Re: [VOTE] Merge HDFS-12943 branch to trunk - Consistent Reads from Standby

Posted by Yongjun Zhang <yz...@cloudera.com.INVALID>.

Hi Konstantin,

Thanks for addressing my other question about failover.

Some thought to share about the suggestion Daryn made.  Seems we could try
this: let ObserverNode throws an RetriableException back to client saying
it has not reached the transaction ID to serve the client yet, maybe even
include the transaction ID gap information in the exception, then when the
client received the RetriableException, it can decide whether the continue
to send the request to the observer node again, or to the active NN when
the gap is too big.

Though saving another RPC would help the performance with the current
implementation, I expect the above mentioned exception only happens
infrequently, so the performance won't be too bad, plus the client has a
chance to try ANN when knowing that the observer is too behind at extreme
case.

I wonder how different the performance is between these two approaches in
cluster with real workload.

Comments?

--Yongjun

On Fri, Dec 7, 2018 at 4:10 PM Konstantin Shvachko <sh...@gmail.com>
wrote:

> Hi Daryn,
>
> Wanted to backup Chen's earlier response to your concerns about rotating
> calls in the call queue.
> Our design
> 1. targets directly the livelock problem by rejecting calls on the Observer
> that are not likely to be responded in timely matter: HDFS-13873.
> 2. The call queue rotation is only done on Observers, and never on the
> active NN, so it stays free of attacks like you suggest.
>
> If this is a satisfactory mitigation for the problem could you please
> reconsider your -1, so that people could continue voting on this thread.
>
> Thanks,
> --Konst
>
> On Thu, Dec 6, 2018 at 10:38 AM Daryn Sharp <da...@oath.com> wrote:
>
> > -1 pending additional info.  After a cursory scan, I have serious
> concerns
> > regarding the design.  This seems like a feature that should have been
> > purely implemented in hdfs w/o touching the common IPC layer.
> >
> > The biggest issue in the alignment context.  It's purpose appears to be
> > for allowing handlers to reinsert calls back into the call queue.  That's
> > completely unacceptable.  A buggy or malicious client can easily cause
> > livelock in the IPC layer with handlers only looping on calls that never
> > satisfy the condition.  Why is this not implemented via
> RetriableExceptions?
> >
> > On Thu, Dec 6, 2018 at 1:24 AM Yongjun Zhang <yzhang@cloudera.com.invalid
> >
> > wrote:
> >
> >> Great work guys.
> >>
> >> Wonder if we can elaborate what's impact of not having #2 fixed, and why
> >> #2
> >> is not needed for the feature to complete?
> >> 2. Need to fix automatic failover with ZKFC. Currently it does not
> doesn't
> >> know about ObserverNodes trying to convert them to SBNs.
> >>
> >> Thanks.
> >> --Yongjun
> >>
> >>
> >> On Wed, Dec 5, 2018 at 5:27 PM Konstantin Shvachko <
> shv.hadoop@gmail.com>
> >> wrote:
> >>
> >> > Hi Hadoop developers,
> >> >
> >> > I would like to propose to merge to trunk the feature branch
> HDFS-12943
> >> for
> >> > Consistent Reads from Standby Node.

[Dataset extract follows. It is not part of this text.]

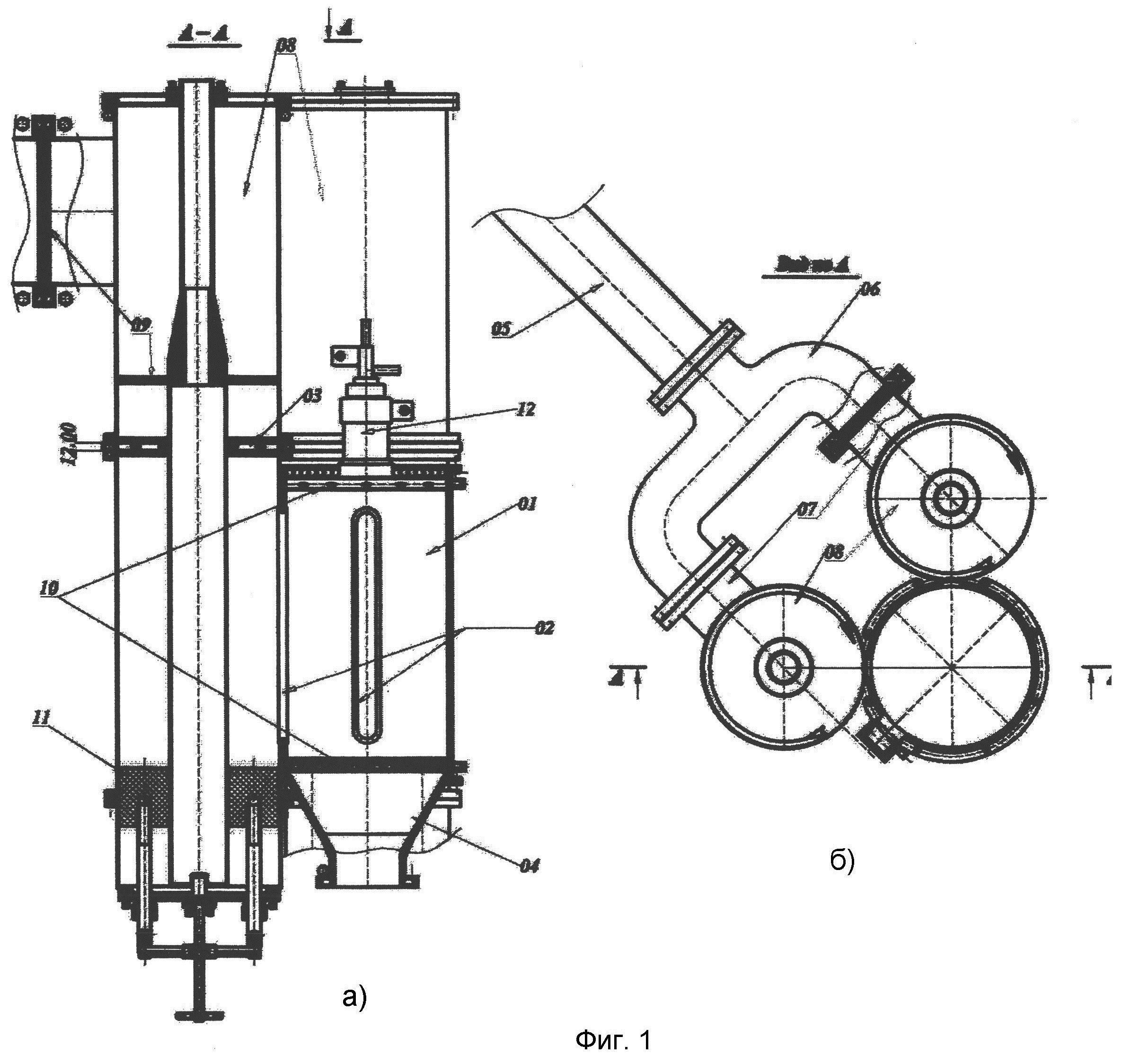 Изобретение относится к средствам генерирования плазмы СВЧ-разряда. Ввод СВЧ-энергии осуществляется в металлическую разрядную камеру через продольную вдоль оси камеры щель из присоединяемой к этой щели металлической трубы-волновода, располагаемой вдоль оси разрядной камеры. Через эту же щель вводится вращающийся вокруг оси разрядной камеры поток газа, закрученный внутри трубы-волновода. Для предотвращения образования зоны рециркуляции газа в осевой зоне внутри трубы-волновода располагают дополнительную металлическую трубу меньшего диаметра. Между трубой меньшего диаметра и внешней трубой-волноводом вводится вращающийся поток газа, далее по образованному таким образом коаксиальному волноводу вводится СВЧ-энергия на электромагнитной волне типа H11, которая возбуждается в коаксиальном волноводе, через окно во внешней трубе коаксиального волновода в зоне, удаленной от щели ввода, в разрядную камеру. Причем обеспечивается удаление герметизирующего диэлектрического окна ввода СВЧ-энергии в зону, недостижимую для продуктов реакции, из активной зоны СВЧ-разряда и теплового воздействия плазмы на окно, а также совмещение щели ввода СВЧ-энергии в разрядную камеру с вводом плазмообразующего или исходного рабочего газа. Техническим результатом является повышение надежности и долговечности устройства с возможностью проведения плазмохимических и тепловых (сфероидизация) процессов большой производительности при вводимой в СВЧ-разряд СВЧ-мощности 30 кВт и более при атмосферном давлении плазмообразующего газа. 2 н.п. ф-лы, 1 ил.

The feature is intended to scale
> >> read
> >> > RPC workloads. On large clusters reads comprise 95% of all RPCs to the
> >> > NameNode. We should be able to accommodate higher overall RPC
> workloads
> >> (up
> >> > to 4x by some estimates) by adding multiple ObserverNodes.
> >> >
> >> > The main functionality has been implemented see sub-tasks of
> HDFS-12943.
> >> > We followed up with the test plan. Testing was done on two independent
> >> > clusters (see HDFS-14058 and HDFS-14059) with security enabled.
> >> > We ran standard HDFS commands, MR jobs, admin commands including
> manual
> >> > failover.
> >> > We know of one cluster running this feature in production.
> >> >
> >> > There are a few outstanding issues:
> >> > 1. Need to provide proper documentation - a user guide for the new
> >> feature
> >> > 2. Need to fix automatic failover with ZKFC. Currently it does not
> >> doesn't
> >> > know about ObserverNodes trying to convert them to SBNs.
> >> > 3. Scale testing and performance fine-tuning
> >> > 4. As testing progresses, we continue fixing non-critical bugs like
> >> > HDFS-14116.
> >> >
> >> > I attached a unified patch to the umbrella jira for the review and
> >> Jenkins
> >> > build.
> >> > Please vote on this thread. The vote will run for 7 days until Wed Dec
> >> 12.
> >> >
> >> > Thanks,
> >> > --Konstantin
> >> >
> >>
> >
> >
> > --
> >
> > Daryn
> >
>

[Result] [VOTE] Merge HDFS-12943 branch to trunk - Consistent Reads from Standby

Posted by Konstantin Shvachko <sh...@gmail.com>.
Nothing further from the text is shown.